Some content and themes commonly found in manga and anime could be cause for concern, depending on the age and maturity level of the reader or viewer.
“There’s sometimes material in Japanese young adult comics which American audiences might find objectionable,” says Jason Thompson, author of Manga: The Complete Guide.
For example, Japanese anime and manga display a more casual attitude toward cigarette smoking, violent themes, and nonsexual nudity. “When a character in a U.S. comic takes a bath, the water is opaque, while in a Japanese comic, the water is clear,” Brenner says. It’s incidental, not sexual, like a character taking a shower or accidentally walking in on someone changing clothes, she explains.

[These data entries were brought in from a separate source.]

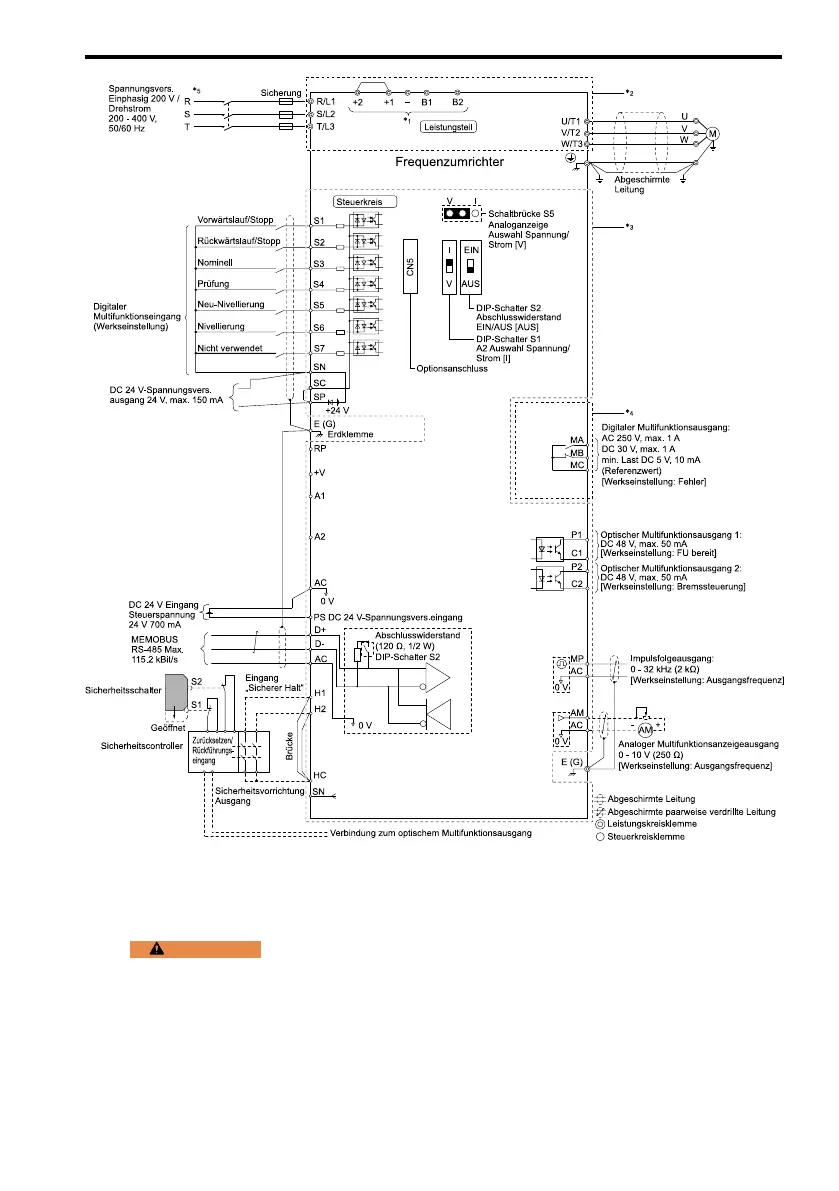 nungsversorgung mit diesen Klemmen. Fehlerhafte Verdrahtung kann zu Schäden am Frequenzumrichter
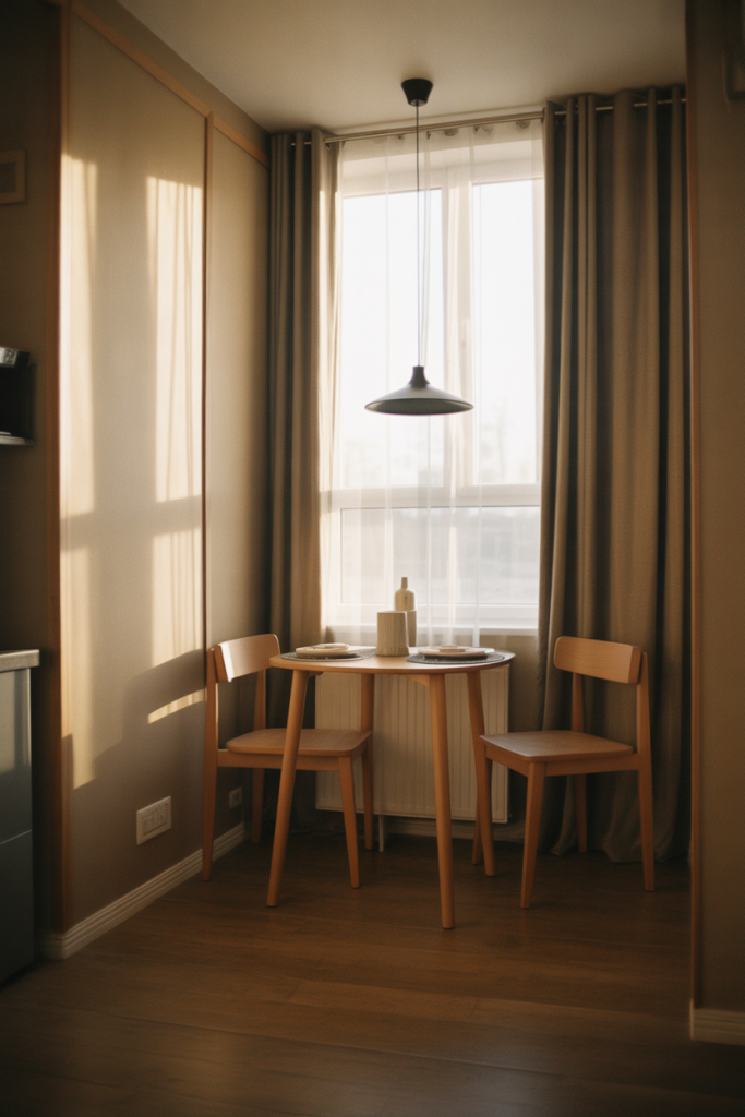 You don’t. Even without a formal dining room, apartment decorating on a budget in 2026 includes a dedicated eating space. A round table and two chairs in a studio or small living room provide a visual dining area without crowding the space.
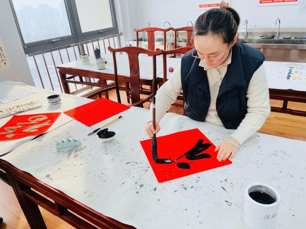 活动现场,墨香四溢,暖意盈盈。一幅幅春联在笔下逐渐绽放,它们或苍劲雄浑,或温婉雅致,不仅彰显了中华传统文化的博大精深,更凝聚了无锡开放大学师生对共建部队官兵的深情厚谊与美好祈愿。书法老师与学校师生代表以深厚的书法功底和独特的艺术风格,将吉祥寓意、遒劲笔力融入春联之中,每一笔每一划都蕴含着对部队官兵的崇敬之情和对国家繁荣昌盛的美好祝愿。

“The attitude toward death is also very different, with many characters lingering as ghosts after death, and a common manga trope is helping the restless ghost cross over and find peace,” Alverson says.
Navigating the Ratings
Like movies, video games, and other television shows, anime and manga are often labeled by a rating system to help parents navigate the variety and select the most appropriate shows and books.
Common Sense Media features reviews of television series and films, with a clear explanation of age appropriateness, to help parents decide which anime is best for their child and informs them about the themes kids might encounter. And as with any television show, parents should note the on-screen rating that appears throughout the show. Daytime and evening programming on channels geared toward children is generally appropriate for ages 13 and younger, but after 9pm content can be considerably more mature.
Most manga publishers in North America use a ratings system similar to the Motion Picture Association of America, explains Kate Dacey, a contributor to Good Comics for Kids blog.
'All Ages’ corresponds to a ‘G’ rating, for example, and is appropriate for readers as young as 6, while ‘Youth’ is equivalent to a ‘PG’ rating, and is appropriate for readers 10 and older, Dacey says. ‘Teen,’ ‘Older Teen,’ and ‘Mature’ ratings indicate the presence of strong language, sexual themes (implied or explicit), and graphic violence. Ratings tend to be conservative, but label qualifiers like “violence” and “strong language” will help you decide what is appropriate for your child.
Rating labels are typically found on the back cover of each issue, and librarians and comic book store staff should be able to offer some guidance on specific books.
Nothing, however, beats looking through the pages yourself to become familiar with the style and make sure you’re comfortable with the content, Alverson suggests. “It’s not uncommon for manga to get more intense as the series goes on,” she warns. And as a general rule, steer clear of shrink-wrapped manga: It’s probably for readers 18 or older.